Mutational Signatures
Annotated with COSMIC V2, major signatures are similar in both groups. Signature 3, 1, 6, 12, 11, 22, 23, and 7 were detected in primary group (Figure S4). Signature 1 is age related represent a large numbers of C > T mutations. Signature 3 is strongly associated with germline and somatic BRCA1 and BRCA2 mutations in breast, pancreatic, and ovarian cancers. In pancreatic cancer, responders to platinum therapy usually exhibit signature 3 mutations[24]. These patients did not exhibit BRCA1 and BRCA2 mutations, although BRCA mutations have been reported in GBC patients[25]. Additionally, signature 9 was also enriched in LNM group. This signature is characterized by a pattern of mutations that has been attributed to polymerase η, which is implicated with the activity of Activation-induced cytidine deaminase (AID) during somatic hypermutation. Signature 12, 22 and 23 were also enriched in both groups (20% and 28%) implies there were some extent of similarity between GBC and liver cancer.
Phylogenetic tree
Based on SNVs, we identified two types of phylogenetic tree with Treeomics, according to previous classification of driver mutations as shared or private.

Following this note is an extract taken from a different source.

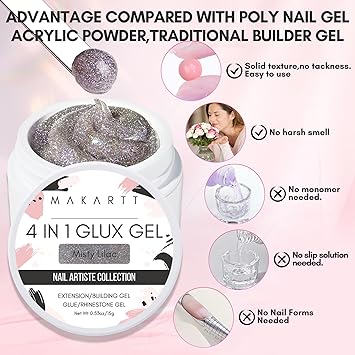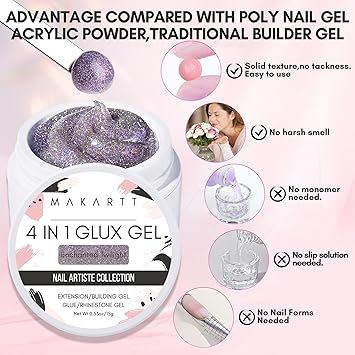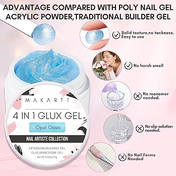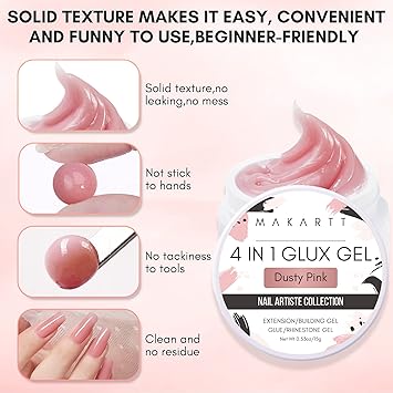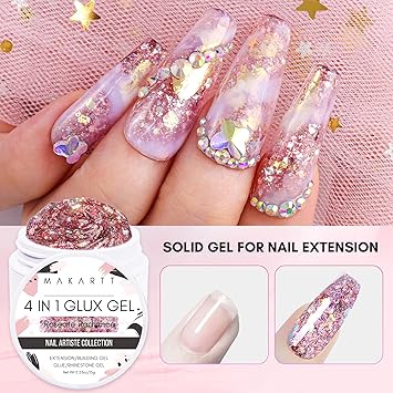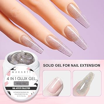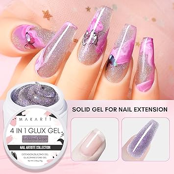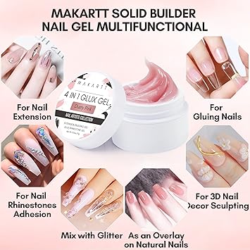 - 4-in-1 Solid Builder Nail Gel--Makartt multifunctional solid gel builder for nails can be used as gel nail builder, nail extension gel, uv nail glue gel for soft gel nails, acrylic nails, gelly tips or clear press on nails, nail rhinestone glue gel and nail sculpture gel for 3D nail art decorations DIY.A money-saving builder nail gel for your professional or daily nail art

The length of trunk and branch was corresponding to nonsynonymous somatic mutation numbers (Figure 2) . All known driver mutations were mapped on the tree. Since the VAF (Variant allele frequencies, calculated by total reads at the position carrying the variant/read depth at the position) of TP53 in GBC-2 was very low (1/36), Treeomics judged this mutation was unreliable. We then re-checked this mutation and manually included into analysis, since this mutation is shared in both primary tumor and LNM, and mutate at same locus (17:7577539, G->A). Linear or parallel progression models of metastasis were both identified in other tumors[26, 27]. The trees of our patients inferred both pattern of metastasis were existed. GBC-1 and GBC-2 inferred a linear pattern and GBC-5 inferred a parallel patten.
CNV
We then analyzed copy number variations. Compared to reported CNVs[9, 28], there were more losses than gains. In total, there were 3 gains and 11 losses in the samples (Figure 3). Losses of 8p23.3、9q21.11、14q32.13、16q23.1 were detected in several samples. Some CNVs were detected in both primary tumor and LNM. In GBC-1, gain of 17q21.1, and losses of 9q21.11 and 8p23.3 were detected. In GBC-2, 9q21.11 loss was detected. Losses of 8p23.3, 9q21.11 and 15q23.1 were detected in GBC-3.
Apart from the reported CNVs, we newly identified large segments alterations in both primary tumor and LNM in 2 patients. In GBC-5, the gain proportion was 0.99 and 0.75 in chromosome 7, and 0.69 and 0.65 in chromosome 20 for the primary tumor and LNM, respectively. In GBC-3, the loss proportion was 0.75 both in primary tumor and LNM in chromosome 10. Thus, whole arm gain and loss could be inferred in these two patients.
We further calculated CNV burden by dividing the copy numbers of loss or gain by all copy numbers founded with GATK (Figure S6). Median CNV loss burden was 0.013 and 0.043 in primary tumor and LNM respectively. Median CNV gain burden was 0.0009 and 0.0671 in primary tumor and LNM respectively. Though, there was no statistical significance in general due to limited patient number, higher CNV burden, either gain or loss was observed in LNM than their primary tumor in 3 patients.